The paper says it’s “time for the Jewish community to engage in this delicate complicated debate.” Yes indeed it’s “delicate [and] complicated.” Those phrases so bathed in pain and sensitivity are the best tipoff that the editorialists are about to say something that should be beyond the bounds of appropriate discourse — and indeed they do.

 

THE ROAD ISN’T THE VEHICLE In his Jewish Week column to which I referred previously Gary Rosenblatt also notes that the UJA-Federation study’s findings “underscore … the pivotal role of the Modern Orthodox community” which has “moved to the right.” But he continues “There are those of us within that community who argue that for the sake of Klal Yisrael and Jewish unity halachah should function as more of a gateway than a barricade on issues from communal participation to conversion. The question is how far religious parameters can be stretched for the sake of harmony.…”

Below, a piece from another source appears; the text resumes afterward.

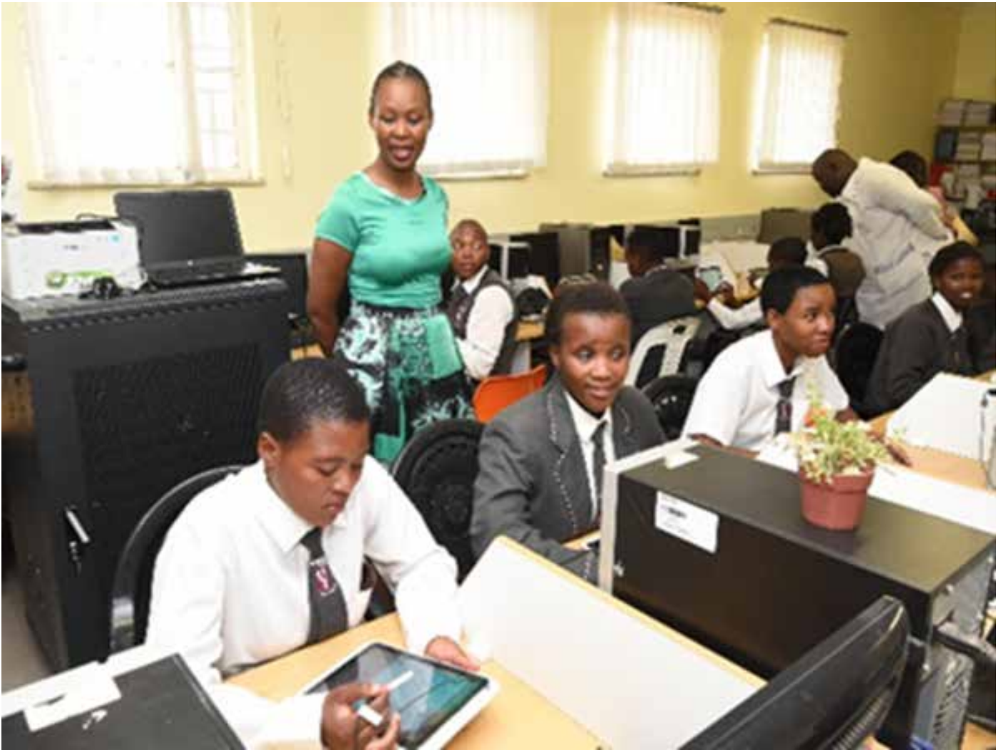
Baithuti ba 5 baka sehloobong ba St Georges bafumana dibasare

“e ba Mandela wa nako ya hao ka seo o nang lesona”. Ao e bile mantswe a motlatsa letona la tsa dikgokahanyo, Stella Ndabeni Abrahams a wa lebisane ho baithuti ba St Georges Senior Secondary School nakong ya letsholo la ho kgutlela sekolong le neng le le Mount Frere haofe.

But in this it seems to me Rosenblatt has it precisely backwards. Halachah isn’t a vehicle for unity; unity is an ideal that reflects our shared covenant as servants of Hashem and keepers of His Torah. As I wrote in a recent symposium on Jewish unity in the OU’s Jewish Action magazine

The pursuit of unity amongst Jews is in essence an effort to actualize a deeper spiritual linkage that already exists between us all.… Jewish unity can’t possibly be invoked in furtherance of objectives that are injurious to the very relationship with G-d and His Torah that gives that unity its substance.